If you are using advanced privacy settings, good on you! But even that isn’t enough, writes Adrienne LaFrance in The Atlantic.

“[P]osting baby photos to a private Facebook group or protected Instagram account is not without risk,” writes LaFrance. “With private groups, there is this false sense that everybody in the group knows each other and has the same interests in mind,” Steinberg told her. (This is a lesson college Snapchatters have certainly taken to heart as their snaps of themselves in blackface, sent to closed group of friends, keep going viral.)

Steinberg recommends actually asking kids what they want, as early as age four, which raises the impossible question, when does a human being develop a sense of and right to privacy, and is it retroactive? From her paper, which will publish in the Emory Law Journal in 2017, via The Atlantic:

By age four, children have an awareness of their sense of self. At this young age, they are able to build friendships, have the ability to reason, and begin to compare themselves with others. Parents who post regularly can talk about the Internet with their children and should ask young children if they want friends and family to know about the subject matter being shared.

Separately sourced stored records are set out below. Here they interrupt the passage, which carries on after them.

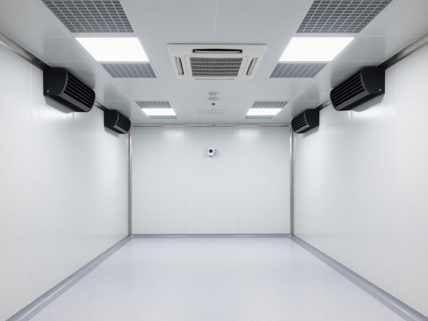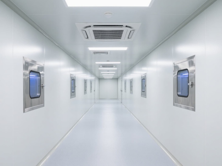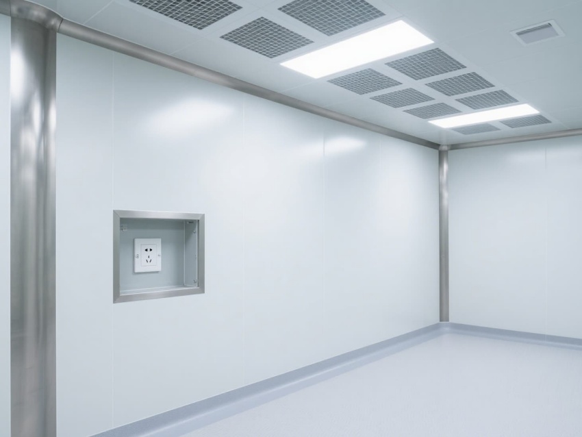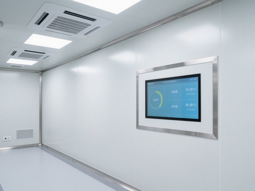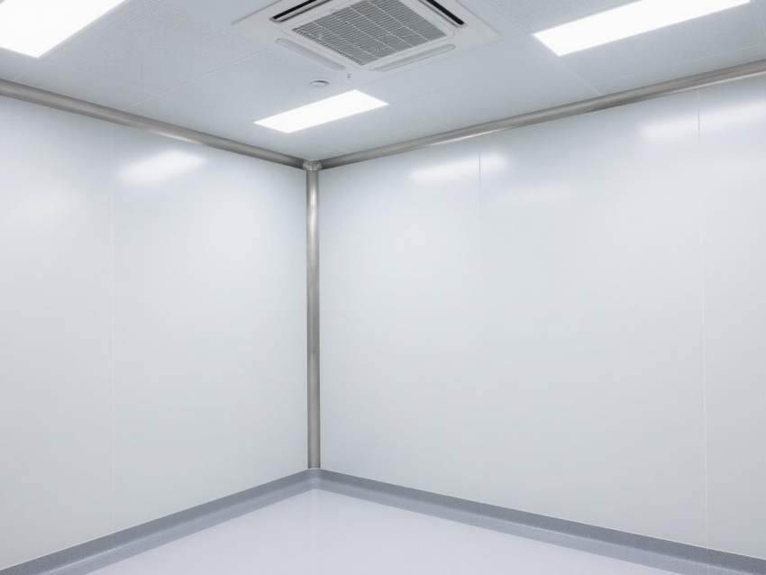 车间以白色抗菌彩钢板为主体建材,搭配浅灰防静电地坪,墙面与地面的圆弧过渡设计消除卫生死角,便于彻底清洁消毒。顶部嵌入式高效送风口形成垂直层流,配合侧下回风系统,实现每小时15-25次的空气置换,持续维持洁净正压。
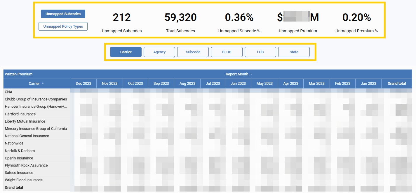 The Unmapped tab gives you a quick glance at any data that hasn’t been mapped at all. You can toggle between unmapped Subcodes or Policy Types, then break it down further by filters like Carrier, Unmapped Agency, LOB, or State.
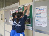 昼休みには、廊下の掲示物を張り替える生徒会広報委員会の生徒の姿がありました。
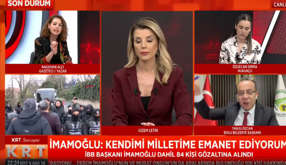 Abone Olİstanbul Büyükşehir Belediye Başkanı Ekrem İmamoğlu'nun gözaltına alınması sonrası KRT'de düzenlenen programda Bolu Belediye Başkanı Tanju Özcan ve gazeteci Nagehan Alçı arasında sert bir tartışma yaşandı. Özcan'ın Ergenekon ve Balyoz davalarına atıfta bulunarak yaptığı açıklamalar, Alçı'nın tepkisiyle karşılaştı. Canlı yayında tansiyonun yükseldiği anlar, izleyicilerin dikkatini çekti.
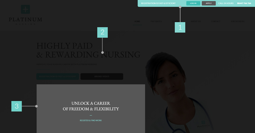 Sleekly formed around the company’s brand, the Platinum Nursing website has been designed to breathe freshness into the healthcare recruitment market, and is a great example of brand transcendence in the internet environment.
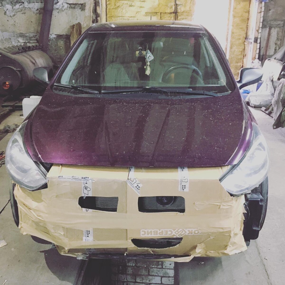 Всем привет, Любители колес! На улице Апрель 2020 год, карантин, почти все предприятия закрыты. И у людей заканчиваются деньги( Такая же участь постигла и моего друга, да еще у него напасть приключилась. Снесли на его Солярисе бампер, а ездить на машине приходится каждый день. И чтоб хоть как то придать вид машине, и защитить агрегаты от грязи и пыли которые стоят за бампером, он решил проявить смекалку, и подручные материалы))) У соседнего магазина, в битве с бомжами, он отвоевал огромную картонную коробку, и пару десятков пустых бутылок. Коробка пошла как основной материал для бампера, а вот бутылки пришлось сдать и на вырученные деньги купить строительный скотч. В начальных классах он очень любил клеить поделки и читал очень много книжек по а ригами, и вот спустя 25 лет эти навыки ему пригодились. Вооружившись ножницами он начал творить чудеса. Распоров коробку, и нарисовав на нее контур машины он начал вырезать картон. Руки сопротивлялись, но мастерство взяло вверх и получилс
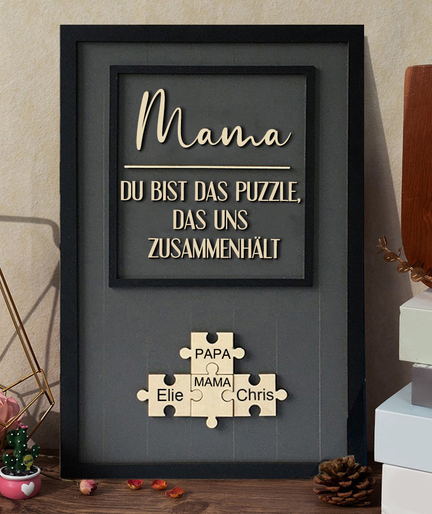 Personalisiertes Holzschild mit der Aufschrift „Mama, du bist das Puzzle, das uns zusammenhält“ mit dem Namen des Kindes, Familiengeschenke für Mama, Oma, einzigartige Geschenkideen zum Muttertag
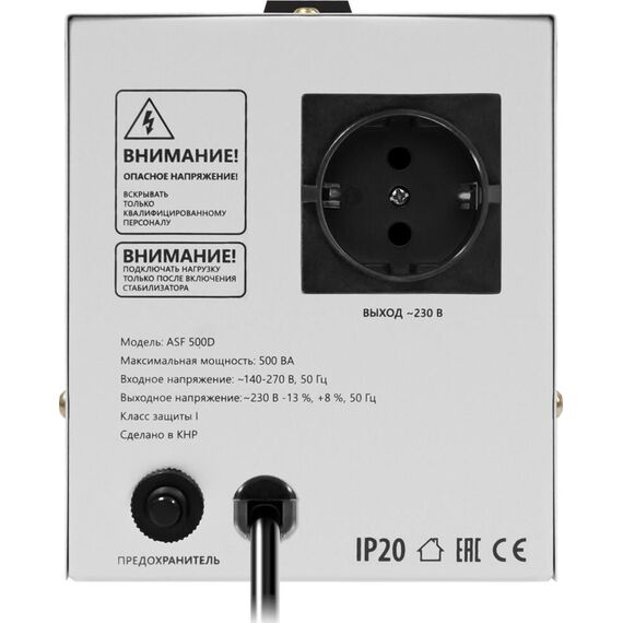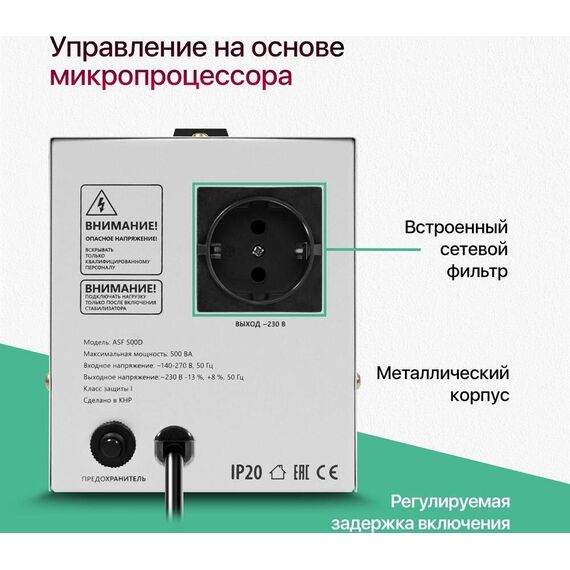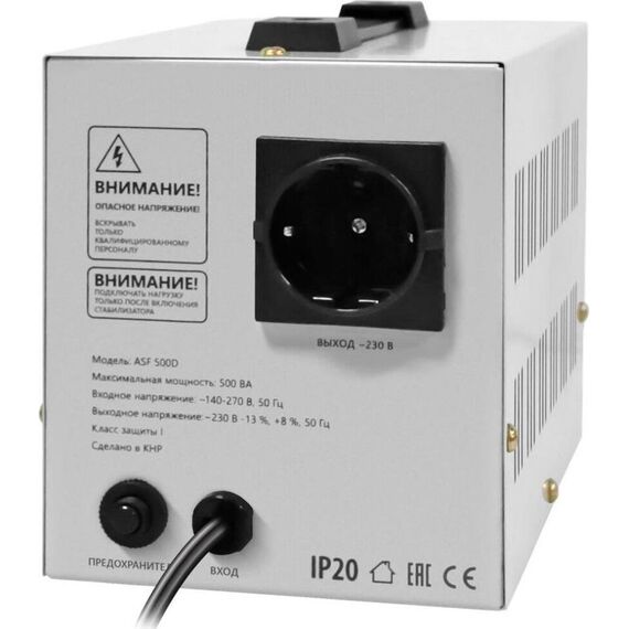 Автоматический стабилизатор напряжения, встроенный сетевой фильтр, мощность при входящем напряжении 220В - 500 ВА, мощность при входящем напряжении 170В - 300 ВА,номинальное выходное напряжение 230В -13%, +8%, номинальная частота переменного тока 50 Гц, число фаз -1, защитные функции: - защита от повышенного напряжения, от пониженного напряжения, от перегрева, от перегрузки, диапазон входного напряжения - 140–270 В, способ подключения - штепсельные разъемы типа "F", количество розеток - 1 шт., розетки с заземлением - 1 шт., дисплей LED, габаритные размеры - 16.3 x 22.2 x 12.4 см.
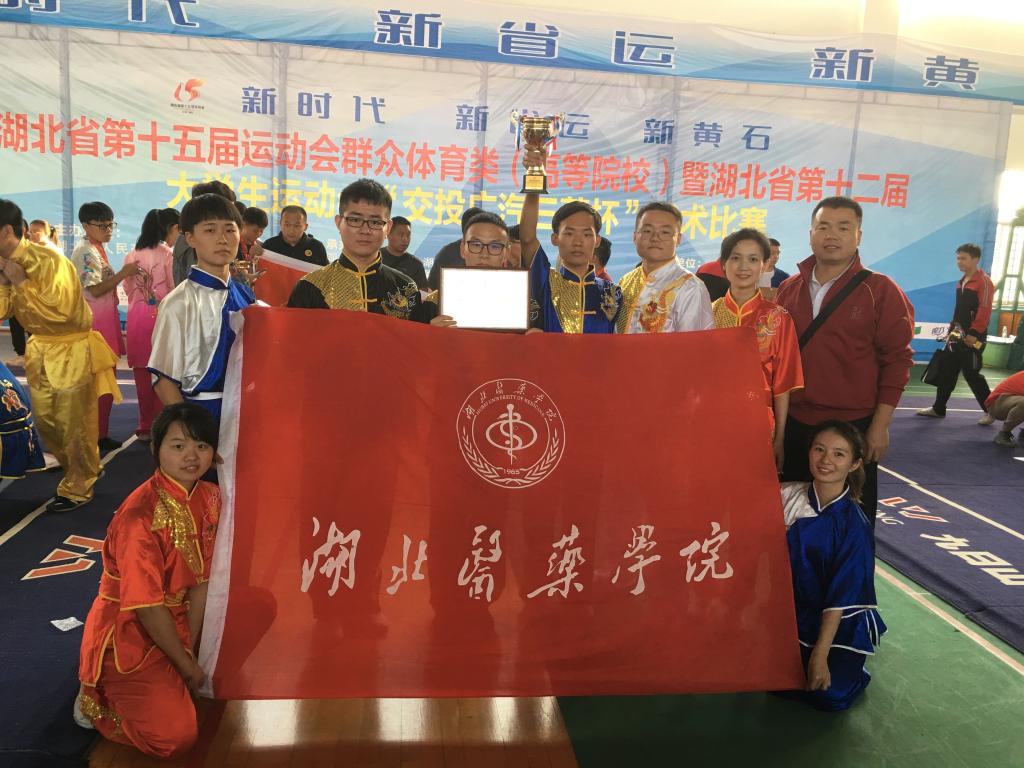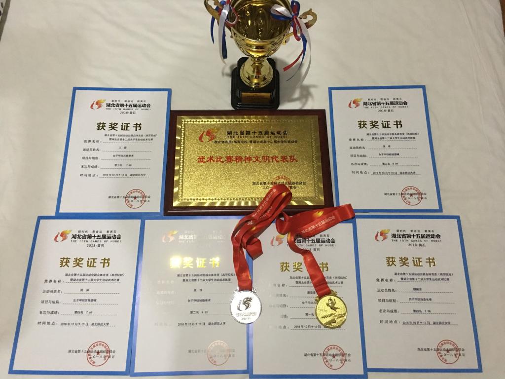 本网讯(通讯员 时保平)湖北省第十五届运动会暨湖北省第十二届大学生运动会武术比赛于2018年10月9日-11日在湖北师范大学举行。我校武术队8名队员在教练员时保平老师的带领下参赛。经过激烈的角逐,斩获一金一银,两个第四名,两个第五名以及女子团体总分第六名的优异成绩。

(The kid who understands the internet by age 4 is a kid whose intellect terrifies me.)

Every once in a while, a parent’s over-sharing something that seems terrible at first glance can have an upside. After the Sandy Hook shootings in 2012, a woman wrote under her real name a blog titled, “I am Adam Lanza’s mother.” The post compared her son and his emotional issues to the murderer who had recently killed his own mother, elementary school children, teachers, and ultimately himself. She kept her son anonymous but observers at the time were horrified that she was willing to risk her own son’s reputation. Calling him a potential serial killer under her real name and including a childhood photo, meant his identity could be exposed. Via the Washington Post:

When she visited her son in the hospital the day after her post published, they discussed it. He asked her why she would compare him to a “serial killer.” He was hurt and confused.

The Post reports that his mother’s blog led to him being diagnosed with bipolar disorder, a condition he’s since been able to get under control through treatment. Four years later, he’s now 16, and on the speaking circuit, attempting to control his own reputation. From a TedX talk he gave in Boise this year:

“The lesson I want you to take away from this story is this: ‘Yes, I have a mental illness. No, I’m not inferior to other human beings. No, I’m not crazy. No, I’m not someone to be feared.’”

So, yes, there may be benefits to broadcasting your child’s life. But share with care.

When we share online, we don’t just sacrifice our own privacy, we sacrifice the privacy of the people in our lives. When my nephew was born, I decided to take my Instagram account from public to private. Until then, I’d always been very public online. Making my living by committing my thoughts and observations to public record had made me quite cavalier towards my own personal privacy. But I had an immediate sense of protectiveness over my newborn nephew, only wanting to share his image with a closed network of people I really knew. But who knows what the future holds with the ability to do face recognition searches and the possibility that someone in my network could leak? Even that may not have been protective enough.